Markers of the disease severity
The first time point measured at the maximum WHO grade was chosen for each patient. For each omics feature, its values (log2-transformed when necessary, as described above) were tested for a trend depending on the WHO grade. Age was included as a covariate in the linear model as described above.
Markers varying with age in COVID-19
The first sampling time point measured was chosen per patient. For each omics feature, its values (log2-transformed when necessary, as described above) were tested for a trend depending on age. The test was performed either using the Kendall Tau test (as described above; Figures S9 and S10), or by accounting for WHO grade as a covariate in the linear model (as described above; Figures S11 and 5).
Markers of RRT and ECMO
For each omics feature, the P-value was calculated using the Mann-Whitney test, comparing between the median levels (log2-transformed when necessary, as described above) across all sampling time points at WHO grade 7 in patients who did not receive the therapy and the median levels (log2-transformed when necessary, as described above) across all sampling time points at WHO grade 7 after initiation of the respective therapy in patients who did.
Markers predictive of time in hospital
Patients, for which the first sampling time point before the outcome corresponded to the WHO = 3 severity grade (that is the patient did not require supplemental oxygen on that day), were considered. Thus, no correction for disease severity was necessary. Testing of levels (log2-transformed when necessary, as described above) of each omics feature (measured for the first sampling time point) vs the remaining time in hospital (days) was performed by including age as a covariate in the linear model as described above.

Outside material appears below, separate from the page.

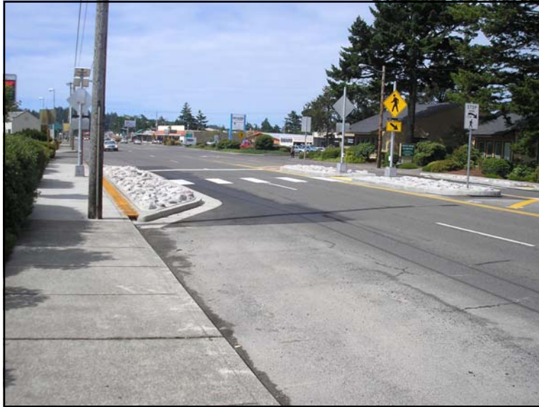
Pedestrian crossings were completed along Highway 101 last summer. They feature Rectangular Rapid Flashing Beacons, which are starting to be used throughout the state.

In response to concerns from our citizens, Public Works has installed new advance warning signage to alert motorists to pedestrians crossing Nopal/Bay Street. Since there is not a true intersection on Bay/Nopal (the driveway to the Port parking lot is not an

Markers predictive of disease worsening
The first sampling time point measured was chosen per patient. Future disease worsening was defined as a future increase in the WHO grade (for patients at WHO grade < 7) or death (for patients at WHO grade 7). For each omics feature, its levels (log2-transformed when necessary, as described above) were compared between patients who did not worsen and patients who did, with age and current WHO grade (as factor) included as covariates in the linear model as described above.
Peak period of the disease definition
When studying the dynamic changes in omics values during the disease course, we focused on the time points sampled when the disease was the most severe for a particular patient. This allowed us to look at molecular changes over time without the need to take into account the potential impact of changes in disease severity and the level of treatment. For each patient, we thus defined the “peak period of the disease” as the time when the patient was receiving the most intensive treatment during their stay in hospital, that is the time when the patient was at WHO grade 6 or 7, for patients who received invasive mechanical ventilation at some point, or otherwise at their maximum WHO grade (3, 4 or 5).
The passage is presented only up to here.